Thomas Paine’s Common Sense was a hugely influential pamphlet that has been cherished by several generations of Americans. However, it had its detractors who did not believe that “republicanism for America was a matter of common sense.” Gordon Wood, The Creation of the American Republic: 1776-1787, 94.
There were two major responses to Paine’s Common Sense: Charles Inglis’s The True Interest of America Impartially Stated and James Chalmer’s Plain Truth. Both Inglis and Chalmer opposed American independence based on “a vigorous defense of the English monarchical constitution.” Id.
But more than anything, Inglis and Chalmer warned of the “social dangers of republicanism” that would result from declaring independence. Further, both wrote that the American people were innately incapable of sustaining republicanism. Id. They looked to past republics and only saw failure, as each was torn apart “by faction and internal struggles, tumults from which America would never escape.” Id.
Inglis, in The True Interest of America Impartially Stated, wrote that, “All our property throughout the continent would be unhinged,” and “the greatest confusion, and the most violent convulsions would take place.” Id. quoting Inglis, True Interest of America, 49, 52-53.
Chalmer wrote that republicanism would only result in anarchy and eventually a dictatorship, with “commercial chaos and agrarian laws limiting the possession of property.” Gordon Wood, The Creation of the American Republic: 1776-1787, 94 citing Chalmers, Plain Truth; . . . Containing, Remarks on a Late Pamphlet, Entitled Common Sense . . . (Phila., 1776), 63-64, 70.
Both Inglis and Chalmer were sure that “The Americans are properly Britons. They have the manner, habits, and ideas of Britons.” Gordon Wood, The Creation of the American Republic: 1776-1787, 94. Because Americans were essentially Britons, just as the English Revolution of 1688 failed, so must the American Revolution, so Inglis and Chalmers believed.
More than anything, they believed, Thomas Paine gave many assurances of the promise of revolution, all without justification. According to Inglis and Chalmer, this was Paine’s fatal error, and it was America’s fatal error to trust Paine.
While pamphlets like these would prompt John Adams to say one was “too absurd to be considered twice,” the anti-republicanism that they injected into American society made a difference. Gordon Wood, The Creation of the American Republic: 1776-1787, 97. But in reality, Americans appeared to have reconciled themselves to knowing that they were different from previous republics and were, in fact, capable of establishing and sustaining a republic.
This discourse about the merits of the Revolution captured a fundamental debate at a most pivotal time in American history.

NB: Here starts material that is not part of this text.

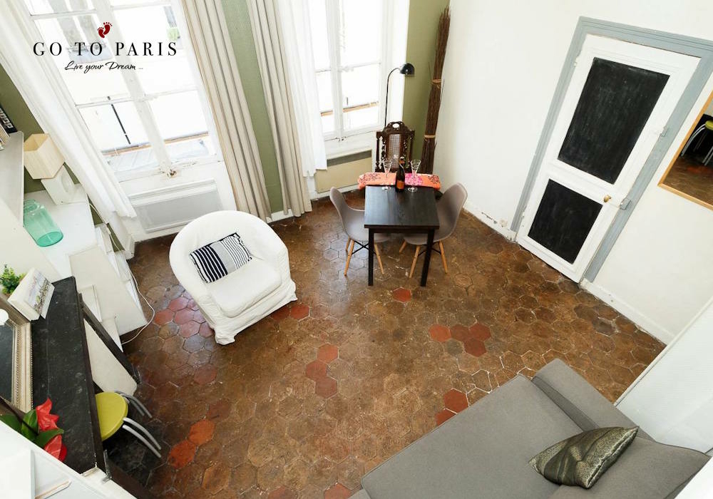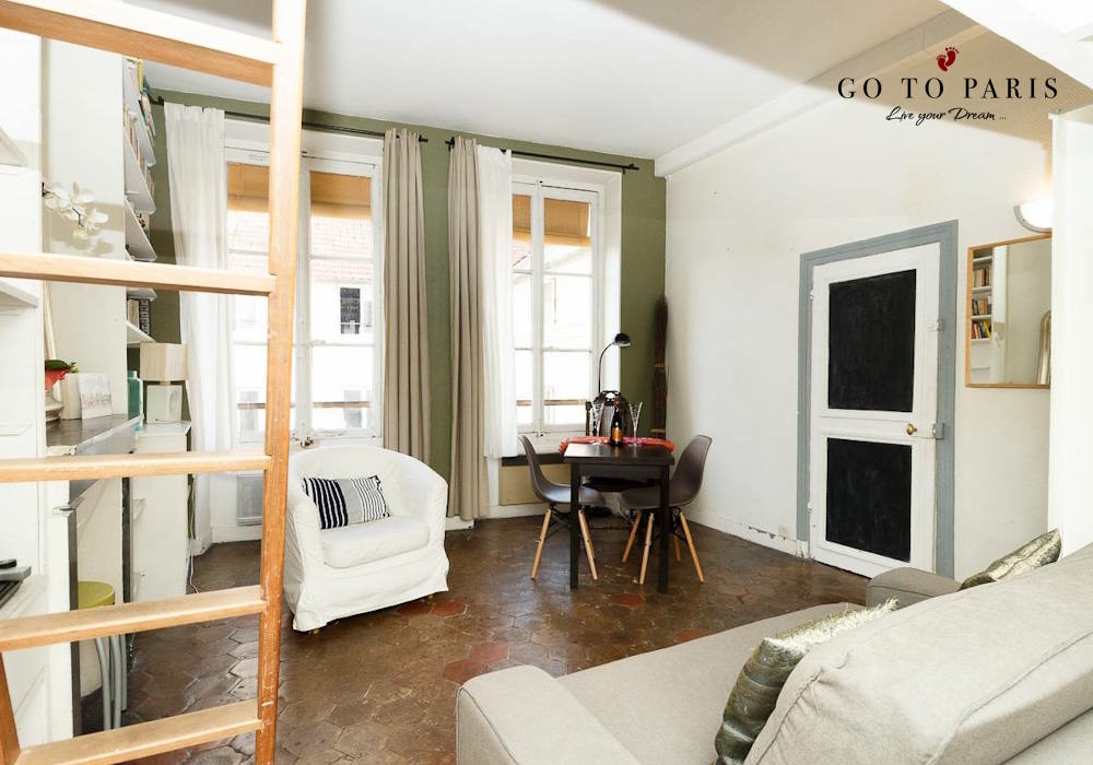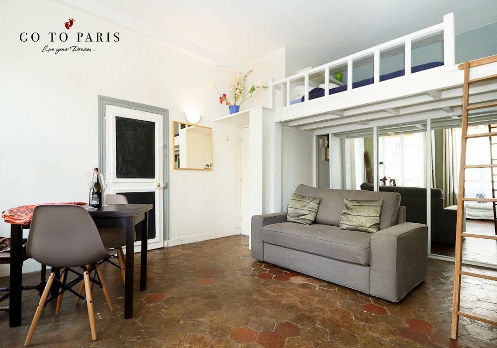 Bo i det trevliga 3 arrondissementet – det här är en populär lägenhet för upp till 2 personer med ett mycket bra läge. Lägenheten har ett vardagsrum med en bäddsoffa, bord, stolar, TV, fönster. Loft med en dubbelsäng. Fullt utrustat kök. Badrum med dusch, handfat och wc. Wifi-internet, tvättmaskin, handdukar, sänglinne, fullt möblerad.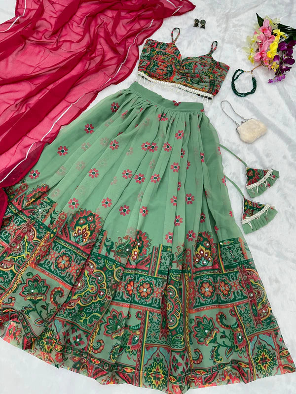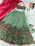 Digital Printed Pista Green color Kalamkari Lehenga Choli

The very purpose and rationale for the Revolution was being relentlessly and thoroughly debated.
In doing so, individuals like Paine, Inglis, and Chalmer were influencing public opinion so as to later create and tailor a system of government best designed for the American people. Perhaps this is one explanation of what has made America a relatively successful country, as it only adopted a government after its people rigorously debated its structure and merits.
Perhaps other countries who are considering political change would do well to remember that they must have these uncomfortable confrontations with each other about what the best government is for their people. The vigorous debate during the Revolutionary years resulted in the best government for the American people, as evidenced by its stability and success.